Scan the crammed exhibition hall in downtown Atlanta where a beaming Hillary Clinton is on stage selling herself to more than 5,000 cheering Georgia activists and you will know at once that not everyone is ready to buy. Barack Obama's supporters are a little quieter – he is not in town tonight – but they are surely here.

"We know that change is on the way," Mrs Clinton declares in the opening line of a speech that, as it goes on, increasingly borrows from themes practised by Mr Obama. "Are we ready for a change?"

No one can have missed the fact that of the eight men who had escorted her to the microphone, seven were African-Americans, among them John Lewis, a famed Georgia congressman and a hero of the civil rights movement.

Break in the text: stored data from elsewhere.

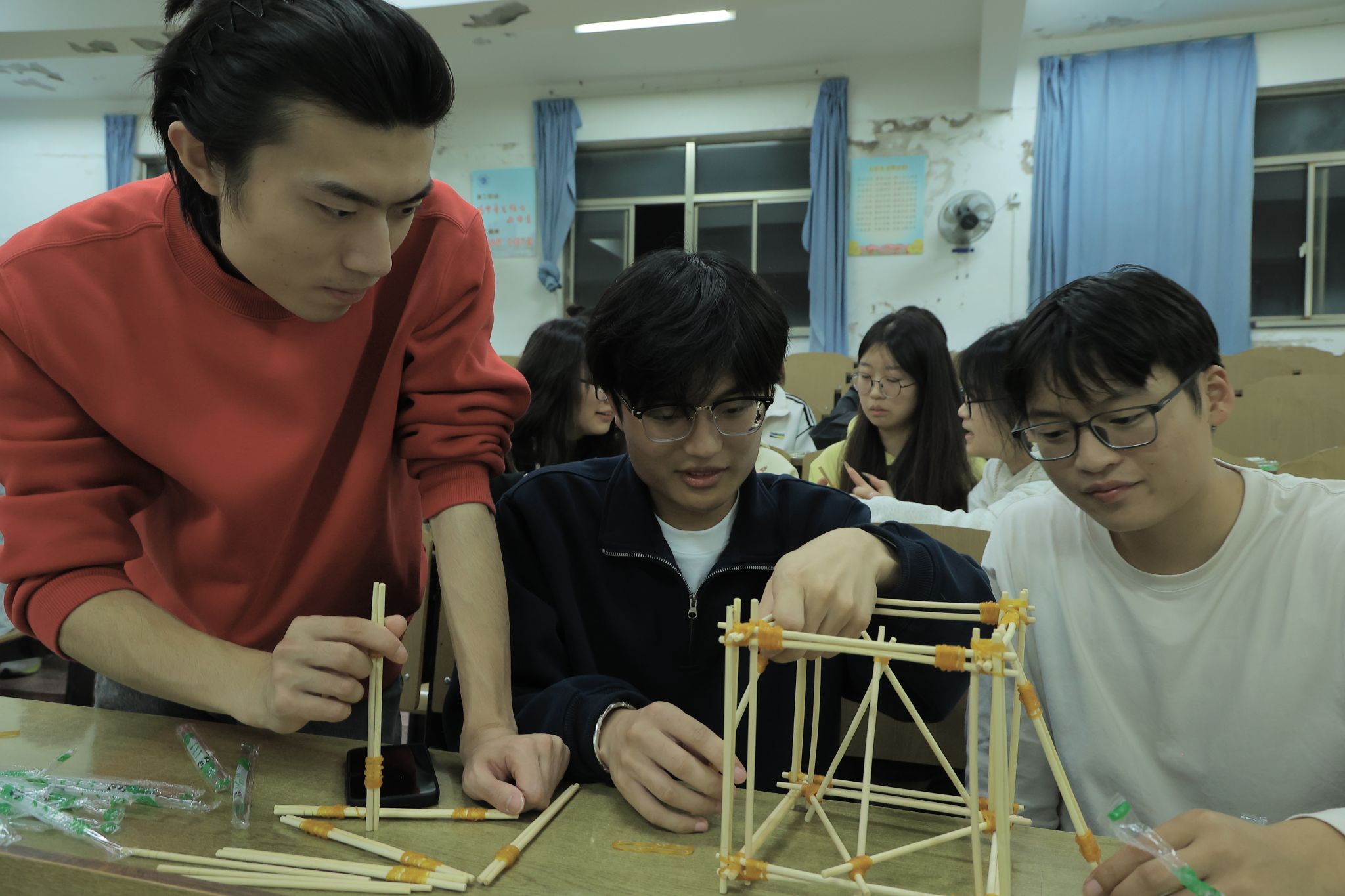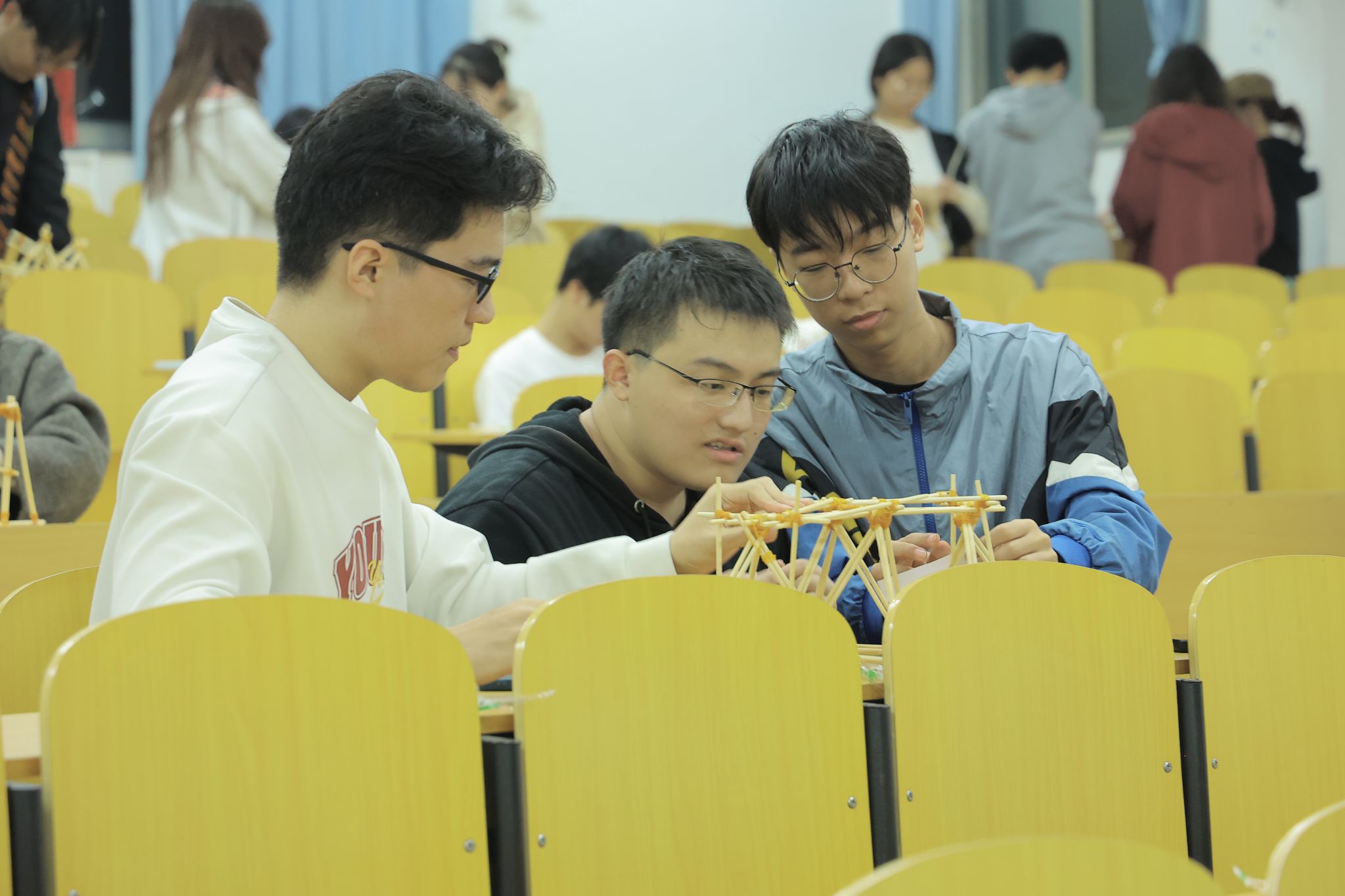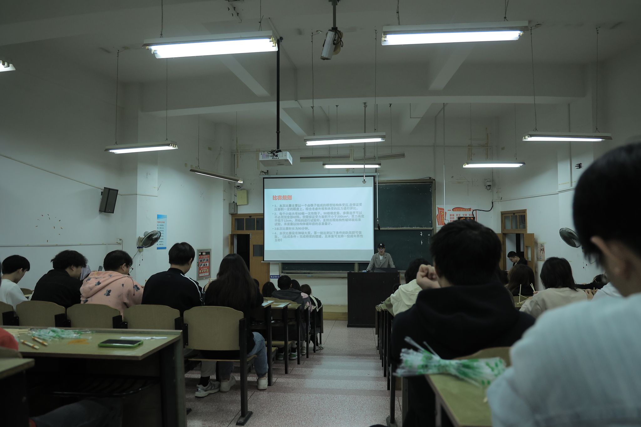 比赛在北京路校区的aj305和aj306教室拉开帷幕。参赛员工以小组为单位,组成了一支支充满活力的小队。活动开始前,陈曦老师向同学们讲解了桥梁的基本结构和力学原理,特别是三角形的稳定性在桥梁建设中的重要性,为同学们接下来的创作打下了坚实的理论基础。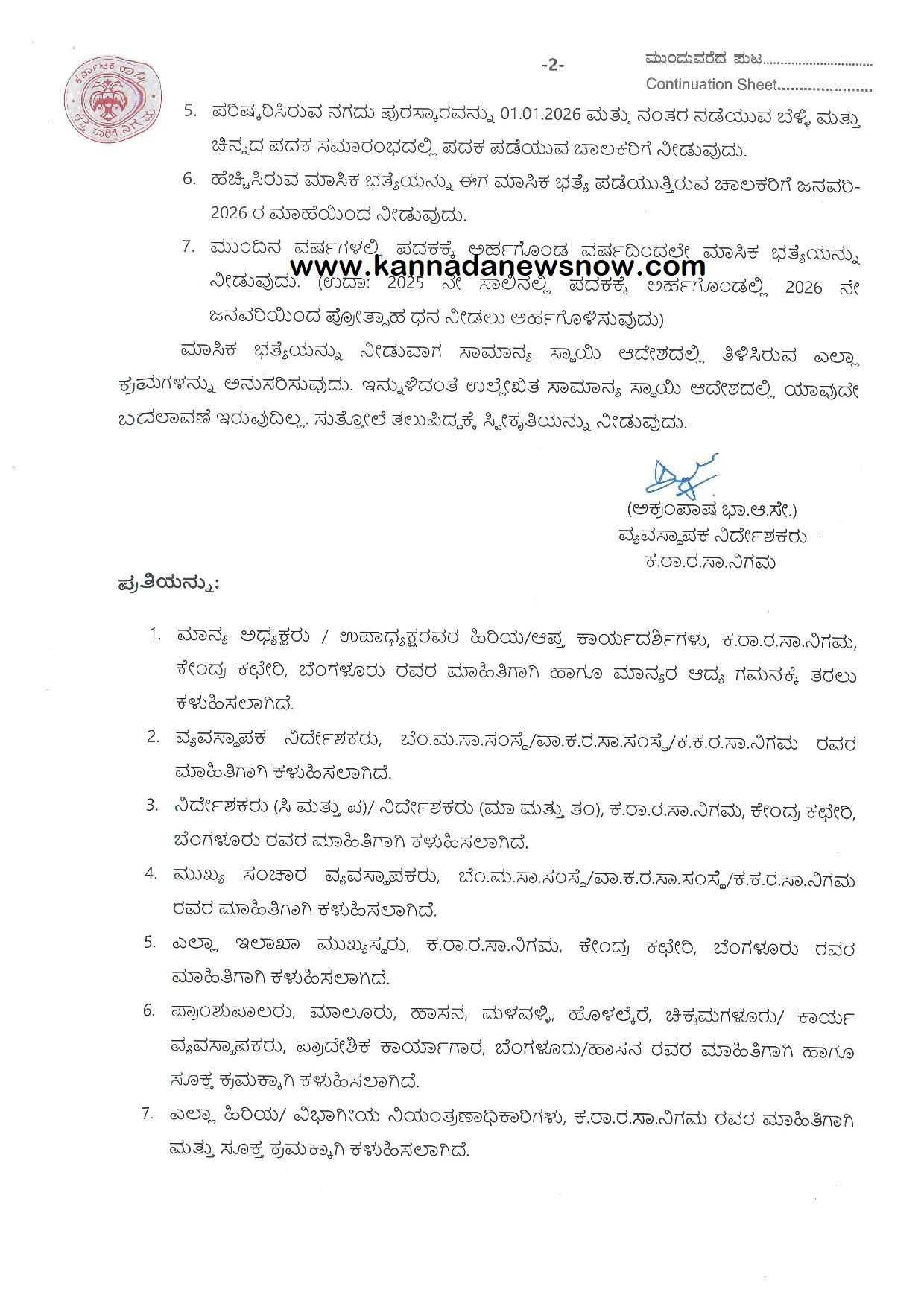 6. ಹೆಚ್ಚಿಸಿರುವ ಮಾಸಿಕ ಭತ್ಯೆಯನ್ನು ಈಗ ಮಾಸಿಕ ಭತ್ಯೆ ಪಡೆಯುತ್ತಿರುವ ಚಾಲಕರಿಗೆ ಜನವರಿ- 2026 ರ ಮಾಹೆಯಿಂದ ನೀಡುವುದು.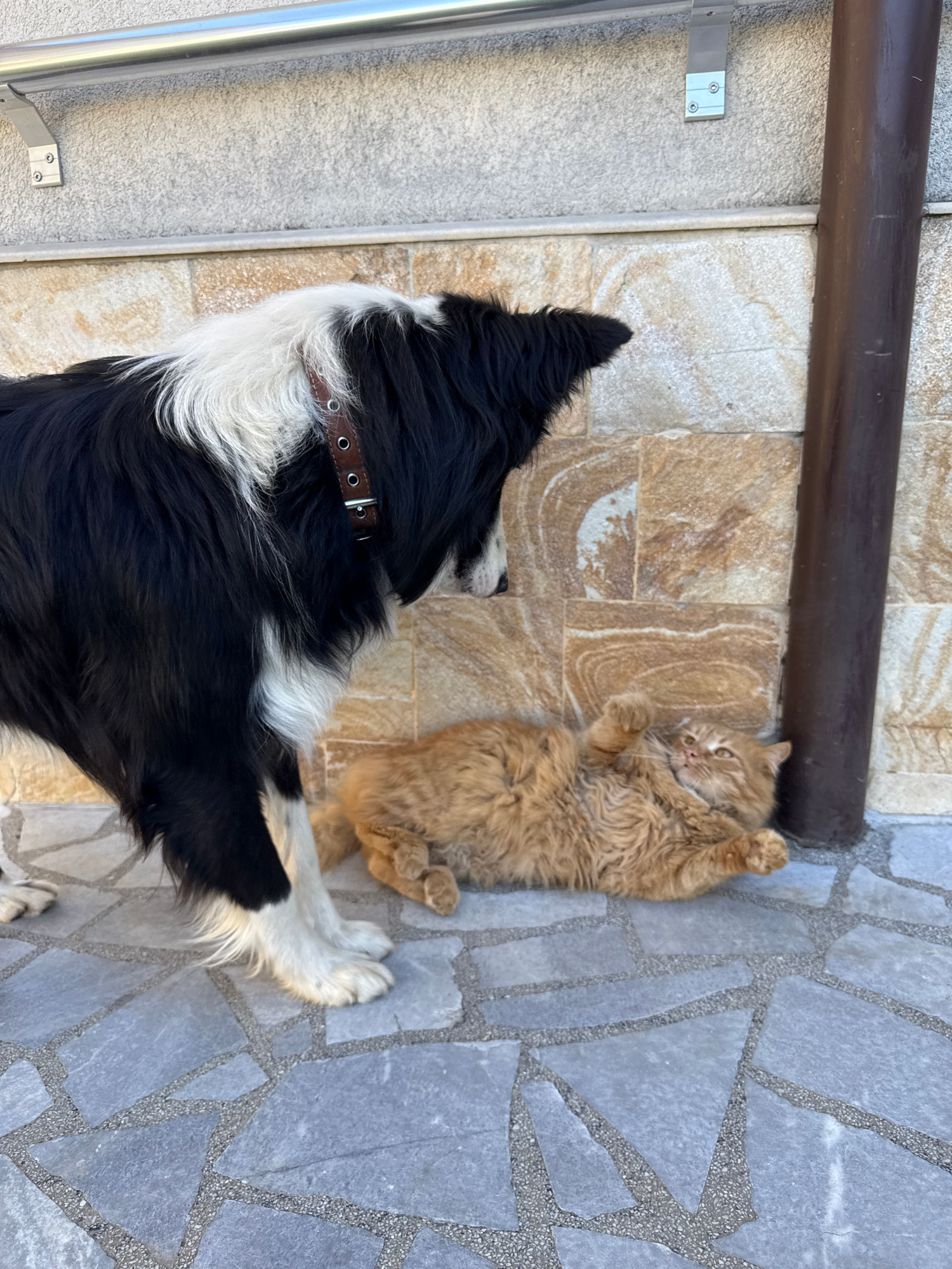 On a patio likely located in Berkovitsa, Bulgaria, a black and white border collie dog with a brown collar stands near an orange cat lying on its back. The patio surface is a mix of light grey paving…read more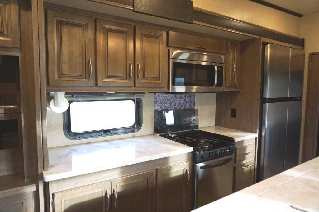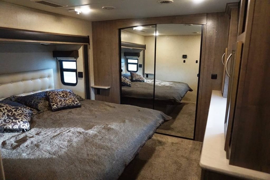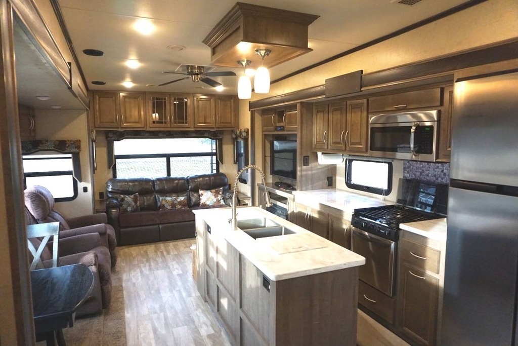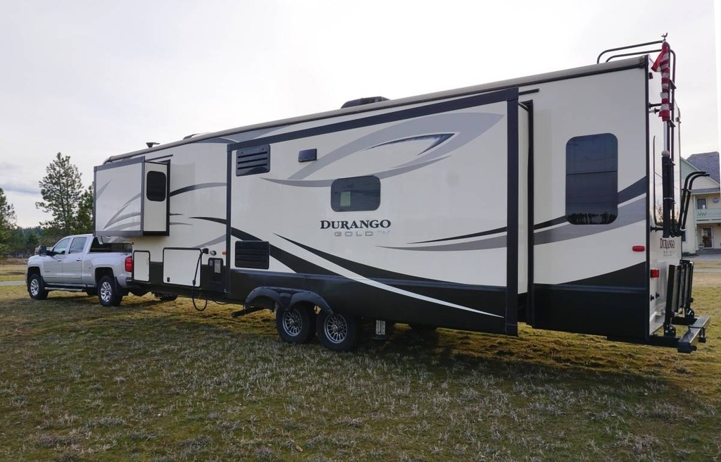 This 2017 Durango Gold, Four Season, Luxury Fifth Wheel has an overall length of 39.5 feet and comes equipped with an 3 Slide Outs, 2 A/C units, 2 Lighted Awnings, ample interior/exterior storage, and sleeps 4 comfortably.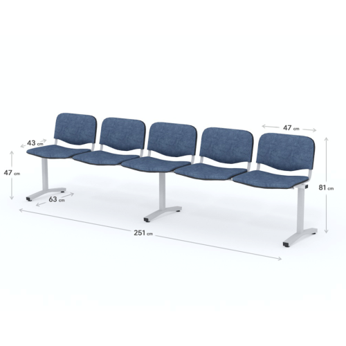 Päťmiestna lavica do čakárne so zváraným kovovým rámom a čalúnenými sedákmi. Vďaka zvarenej konštrukcii je lavička veľmi odolná a po doručení nemusíte výrobok skladať. Navyše pre dlhšiu trvácnosť, je pod sedákom umiestnená jedna výstuha naviac. Prevedenie konštrukcie nedovoľuje lavici dotýkať sa steny, tým bráni jej poškodeniu. Lavica je vybavená nastaviteľnými koncovkami nôh - viete dať lavicu do roviny aj pri krivej podlahe. Produkt je vyrobený na Slovensku.

Between now and "Super Tuesday", the two candidates left standing in the Democrat nominating contest are left grappling with a three-dimensional jigsaw puzzle. It is all about the constituencies they can count on – of age, race, gender and also geography – and which will deliver the most votes to them.

Here in the Deep South, four states – Georgia, Alabama, Arkansas and Tennessee – all vote next week, offering a booty of 296 convention delegates. That is more, for instance, than the 281 up for grabs in mighty New York. Mr Obama will be counting on doing well here to counter a possible Clinton deluge elsewhere.

That the black vote will help him is not in dispute, in Georgia especially, where, as in South Carolina, Democrat voters will again be majority African-American. Young people are for him. Yet polls here show a tight race. Mrs Clinton has other constituencies to help her here, including women and perhaps white men once with John Edwards. And there is the state's fast-growing Hispanic community.

Having black support may not be enough for Mr Obama therefore, even here. The Democrats believe that in November they can recapture the South – and particularly its white moderates – which defected to the Republican column back in the Reagan years. But are white moderates Obama fans?

If he doesn't win in Georgia on Tuesday, where will he? "The challenge for him is to improve his standing with white voters," said Merle Black, a widely respected political scientist at Emory University here. "The black vote is too small in other states to produce a victory for him. He has to expand his base."

That Mr Obama may be vulnerable even in the Peach State is evidenced by the candidates' schedules. Though absent tonight, he spent the early part of the week here.

And Mrs Clinton is in town because she smells opportunity. This has, in fact, been a two-event day for her. Hours before, in the same Georgia World Congress complex, she addressed a huge convention of southern Baptists.

A champion of the Baptists here is the former President Jimmy Carter. An endorsement by him would surely boost Mr Obama. In comments this week, he almost obliged, but not quite. Now 83, Mr Carter called his campaign "captivating" and "titillating". He added: "I think that Obama will be almost automatically a healing factor in the animosity now and the distrust that relates to our country."

Picking at his chicken wing at the Democratic dinner, Willy Mosley, 45, an African-American who has fought for office in DeKalb County, in suburban Atlanta, thinks that Mr Obama will prevail in Georgia, at least, but not by much. "It will be a fight and it won't be a landslide," he says, but adds that Mr Obama has his ear to the ground and sees him catching ground "by leaps and bounds".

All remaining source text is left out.